マグネシウムチェラターゼのChliサブユニットのATPase活性と七americ aaa+環の形成

マグネシウムチェラターゼ（CHLI）のAAA（+）ATPase成分は、Mg（2+）のプロトポルフィリンIXへの挿入を駆動します。これは、クロロフィル生合成の最初のステップです。ATPase活性、ヌクレオチド結合速度論、およびChliタンパク質の構造組織について説明します。一貫した反応スキームは、ChliサブユニットのATPase活性の詳細な定常状態の説明と、ヌクレオチド結合の過渡運動分析から生じます。私たちは、マルチメリックチェラターゼの特定のサブユニットに金属イオン結合の最初の実証を提供し、Mg（2+）のフリーおよびMGATP（2）（ - ）結合形式のchliへの結合を特徴付けます。蛍光基質類似体TNP-ATPを用いた一時的な速度論的研究は、マグネシウム結合特性を持つ2つの形態の単量体酵素があることを示しています。さらに、サブユニットの自己関連特性について説明し、ヌクレオチドの存在下でこの酵素によって形成された多量体環の構造分析を提供します。この単一の粒子分析は、この種が7倍の回転対称性を持っていることを示しています。これは、ヘキサマーを形成する傾向があるAAA（+）ファミリーのほとんどのメンバーとは対照的です。

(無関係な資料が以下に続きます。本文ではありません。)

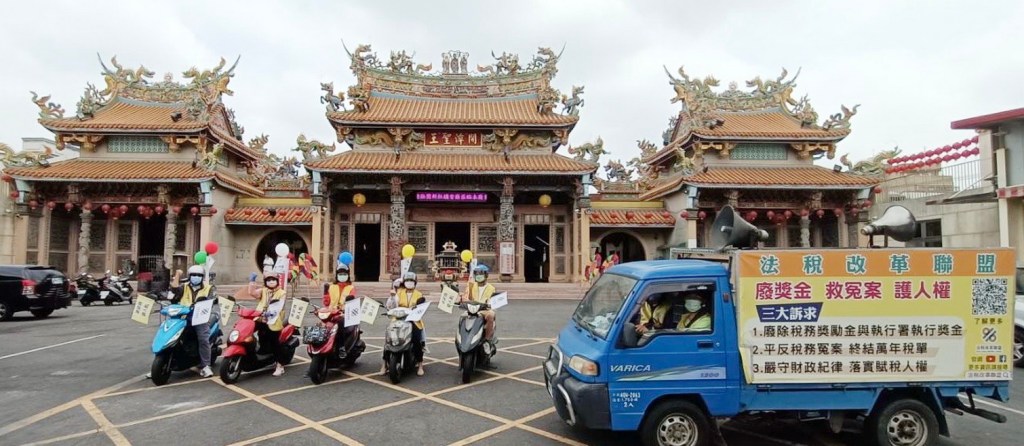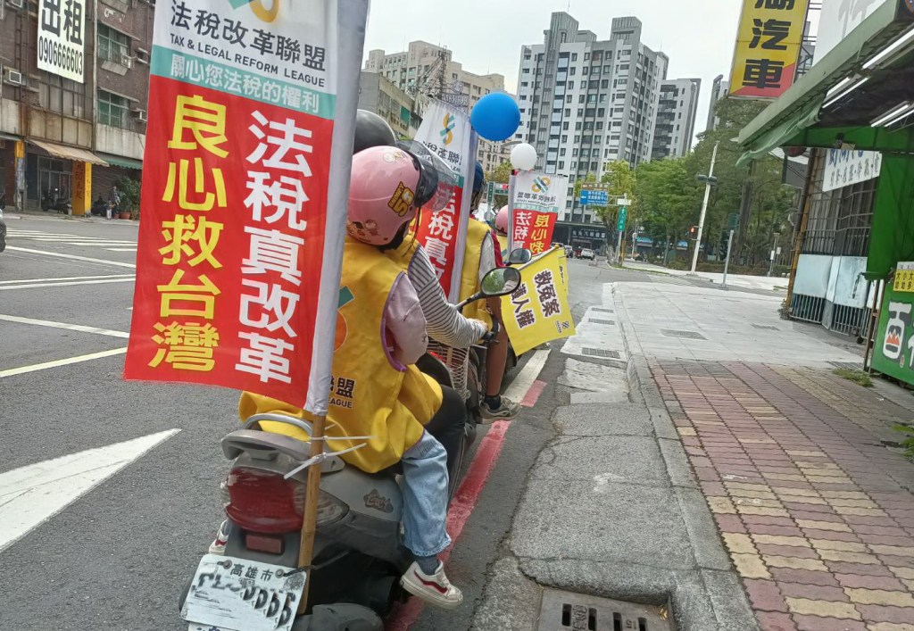 圖三:法稅改革聯盟志工以機車連繞行高雄市區,推動法稅人權教育。

The AAA(+) ATPase component of magnesium chelatase (ChlI) drives the insertion of Mg(2+) into protoporphyrin IX; this is the first step in chlorophyll biosynthesis. We describe the ATPase activity, nucleotide binding kinetics, and structural organization of the ChlI protein. A consistent reaction scheme arises from our detailed steady state description of the ATPase activity of the ChlI subunit and from transient kinetic analysis of nucleotide binding. We provide the first demonstration of metal ion binding to a specific subunit of any of the multimeric chelatases and characterize binding of Mg(2+) to the free and MgATP(2)(-) bound forms of ChlI. Transient kinetic studies with the fluorescent substrate analogue TNP-ATP show that there are two forms of monomeric enzyme, which have distinct magnesium binding properties. Additionally, we describe the self-association properties of the subunit and provide a structural analysis of the multimeric ring formed by this enzyme in the presence of nucleotide. This single particle analysis demonstrates that this species has a 7-fold rotational symmetry, which is in marked contrast to most members of the AAA(+) family that tend to form hexamers.